## ACTIVITY
The material below contains a line with "Focused on heavy-duty, water-based" and a line with "Spotlight by Warehouse". Copy exactly those two lines and all lines between them.

## MATERIAL FOR THE TASK
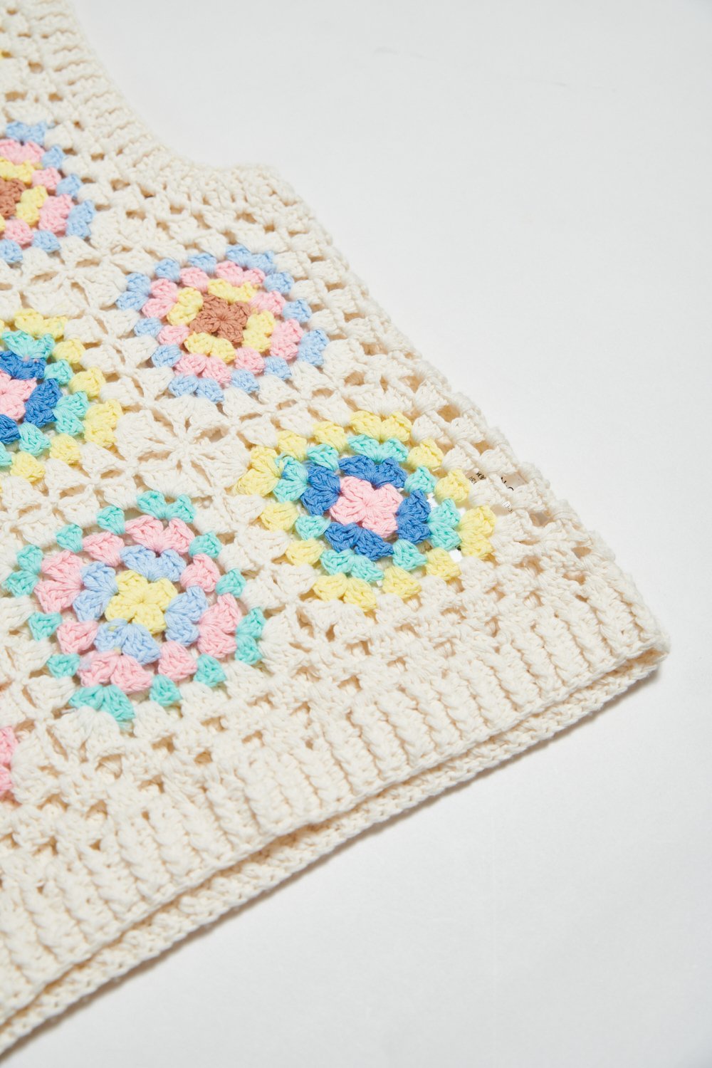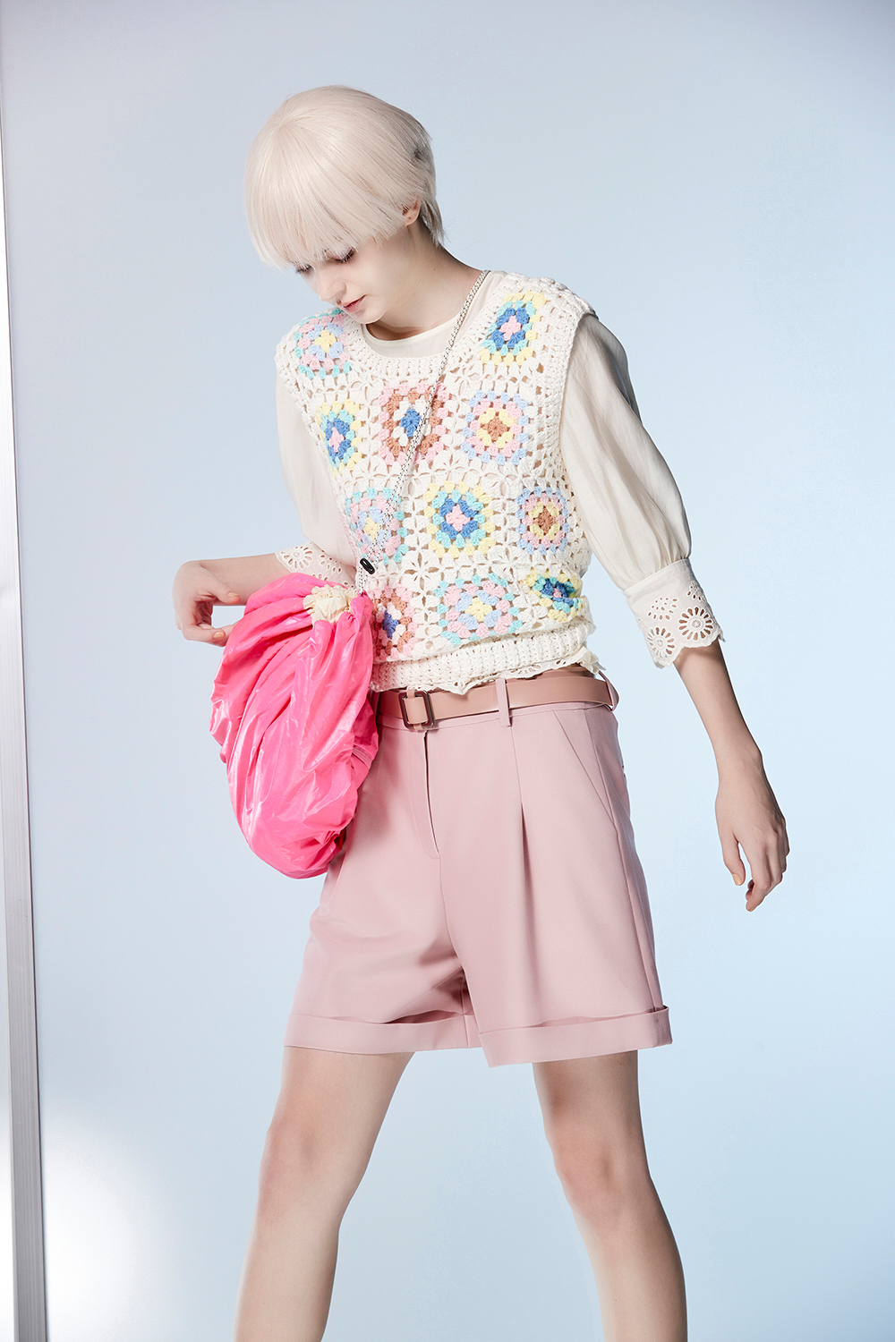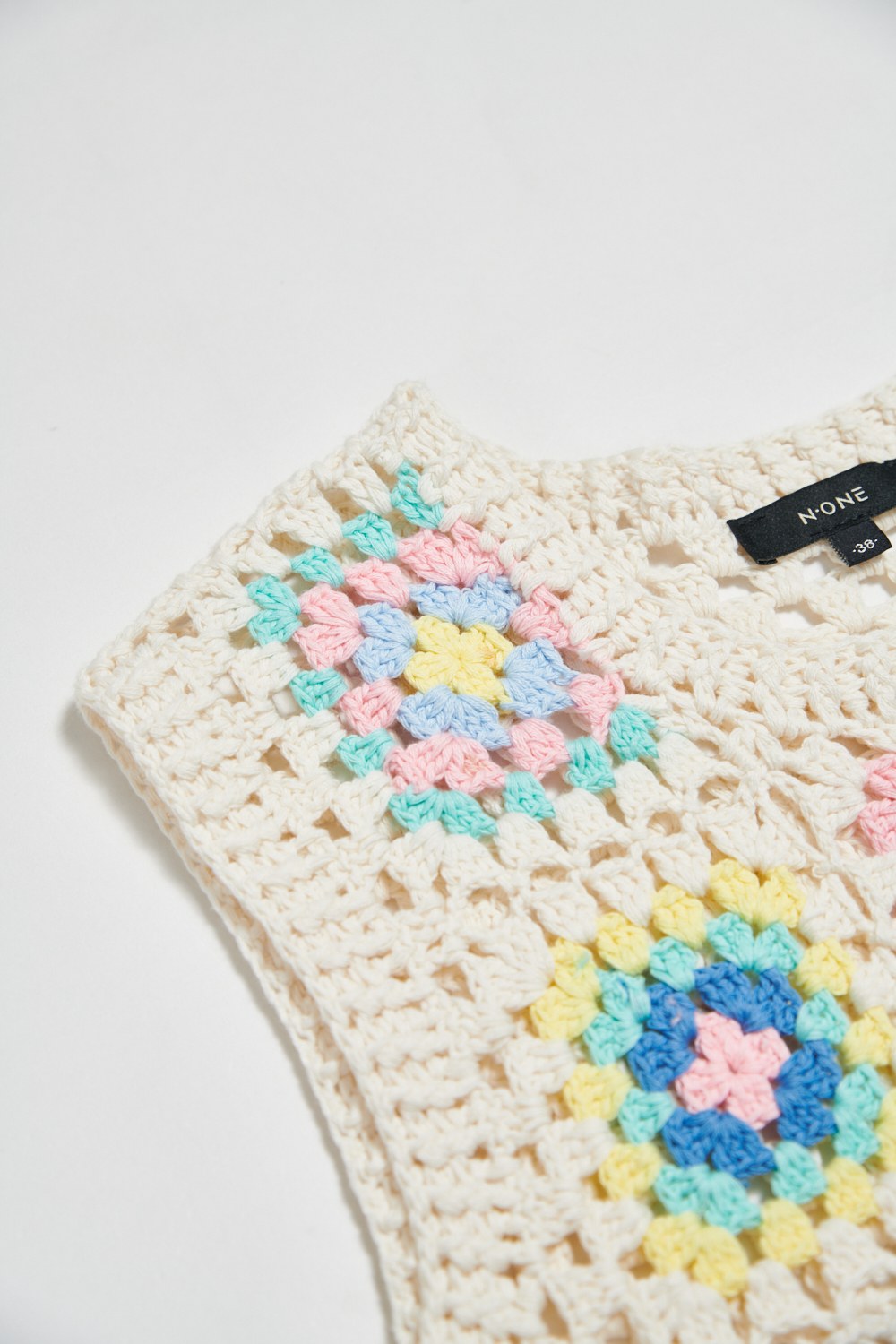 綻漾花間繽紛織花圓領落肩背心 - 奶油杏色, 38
--
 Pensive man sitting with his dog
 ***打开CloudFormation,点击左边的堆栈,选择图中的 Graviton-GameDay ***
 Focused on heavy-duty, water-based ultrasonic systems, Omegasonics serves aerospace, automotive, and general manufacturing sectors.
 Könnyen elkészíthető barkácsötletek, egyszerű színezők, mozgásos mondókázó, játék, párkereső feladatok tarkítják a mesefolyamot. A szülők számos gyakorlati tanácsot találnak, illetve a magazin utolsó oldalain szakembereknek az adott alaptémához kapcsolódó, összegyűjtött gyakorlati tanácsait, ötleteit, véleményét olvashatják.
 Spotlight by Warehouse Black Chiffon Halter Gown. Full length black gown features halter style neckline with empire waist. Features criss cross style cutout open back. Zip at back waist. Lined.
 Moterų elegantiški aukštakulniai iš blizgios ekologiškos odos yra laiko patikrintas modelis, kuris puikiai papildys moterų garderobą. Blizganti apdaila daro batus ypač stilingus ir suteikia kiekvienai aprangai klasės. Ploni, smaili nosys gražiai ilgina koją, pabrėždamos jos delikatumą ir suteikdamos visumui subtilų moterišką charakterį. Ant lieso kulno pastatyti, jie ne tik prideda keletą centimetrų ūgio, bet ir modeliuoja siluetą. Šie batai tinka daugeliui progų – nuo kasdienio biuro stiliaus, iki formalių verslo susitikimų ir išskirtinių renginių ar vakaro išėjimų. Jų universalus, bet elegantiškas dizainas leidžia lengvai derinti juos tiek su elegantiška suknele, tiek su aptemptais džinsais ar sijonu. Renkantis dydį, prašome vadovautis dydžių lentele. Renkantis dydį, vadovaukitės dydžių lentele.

## ANSWER FOR THIS EXERCISE
 Focused on heavy-duty, water-based ultrasonic systems, Omegasonics serves aerospace, automotive, and general manufacturing sectors.
 Könnyen elkészíthető barkácsötletek, egyszerű színezők, mozgásos mondókázó, játék, párkereső feladatok tarkítják a mesefolyamot. A szülők számos gyakorlati tanácsot találnak, illetve a magazin utolsó oldalain szakembereknek az adott alaptémához kapcsolódó, összegyűjtött gyakorlati tanácsait, ötleteit, véleményét olvashatják.
 Spotlight by Warehouse Black Chiffon Halter Gown. Full length black gown features halter style neckline with empire waist. Features criss cross style cutout open back. Zip at back waist. Lined.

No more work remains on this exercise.